Girls started using birth control pills in 1960 and this was a real shock to the older generation because it caused morals to change a whole lot and some women got murdered by their husbands for using birth control pills instead of getting pregnant every year if they were Catholic or something like that.

Also, when abortion became legal some men killed women for having abortions especially if it was their kid being aborted whether they were married or not. So, like I said things changed a lot and people started to behave much differently.

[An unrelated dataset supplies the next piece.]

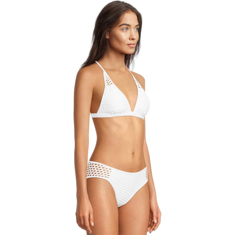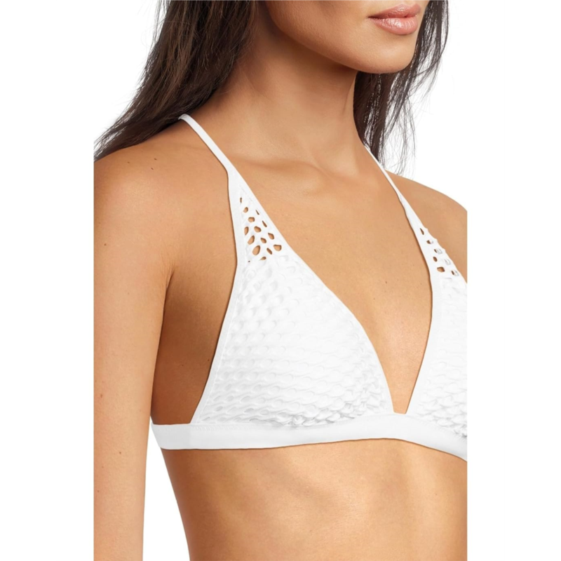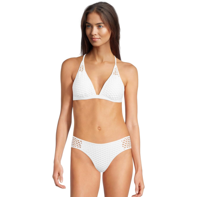 With its layered ottoman fishnet texture with peek-a-boo at the top, the BECCA Castaway Luna Textured Halter Top adds a stunning statement to your beach look. The standard-fit top features a wide band underbust for support, cross-back straps with a tie-up closure, and bi ding along the edges.

However, thousands of years of things being one way wasn't going to change overnight successfully without problems. Those problems took mostly about 20 years or so to manifest through things like Herpes and AIDS and:

Chlamydia - Wikipedia, the free encyclopedia

en.wikipedia.org/wiki/Chlamydia
Wikipedia
Chlamydia may refer to: Chlamydia infection, a sexually transmitted infection · Chlamydia (bacterium), a genus of pathogenic bacteria. Chlamydia trachomatis ...
 
Also, people were not prepared for all the emotional consequences of having more than one sexual partner, so all kinds of physical and psychological problems that most people didn't have before much became endemic problems.
 
So, middle class and upper class women went from a state of frigidness by training to something else that got them in trouble in a whole lot of ways more than before. However, one of the other things that came from this was sexual freedom and psychological freedom and physical freedom.
 
It's basically like this: If you don't have to have a baby every time you have sex with someone, this also means you don't have to support that child that you didn't have. It also means that if you want to and can support yourself you can have sex with as many men as you want as a woman as long as you don't get a venereal disease and die or date men that are going to beat you up or kill you. 
 
This really changed the way most women were. It sort of filtered down through the layers of society from the top: college educated women were the first to use birth control pills and then it rather quickly filtered down throughout society. 
 
The sexual freedom era was starting in 1960 and ended around 1980 when AIDS was first discovered. However, it had started to slow down by the mid 70s because of various kinds of venereal disease and people having psychological problems by having sexual relationships with too many people.
 
At the time (starting in 1969 when I was 21) I liked the way women had become that were more open to sexual relationships than in 1960. However, I also found this very confusing until I got married in 1974 on a variety of levels. I would just get used to being with one women when that relationship would end and then I would be in another relationship with someone else. I found this really confusing to the point where I realized at 25 I would rather be married than have to go through this confusion anymore. My son was born in 1974 so I had a whole new project to focus on then to raise him successfully to adulthood and get him educated so he actually wanted to stay alive in his life too.

From 1969 until 1974 I thought it was great that women were so sexually free but looking back now I see it in a different context which is kind of the same problem of alcohol or drugs. Sexual relationships can be like taking drugs or being an alcoholic so "WHY?" you are involved in a particular relationship becomes the most important thing you need to think about. Because if you don't think about the ramifications of all your actions it can be as serious in the short and long run as becoming an alcoholic or drug addict. In other words if you are a sex addict (either male or female) this is very problematic to having a long life.

Also, if you are married with children and are also a sex addict this also can have disastrous results in a person's life. So, thinking about what exactly you are trying to accomplish in any given relationship will help you and the person you are with in staying alive long term. Because you don't want to cause someone to kill themselves because they thought you were serious when you weren't. This is the problem I see with the mores changing in the 1960s to what they are now.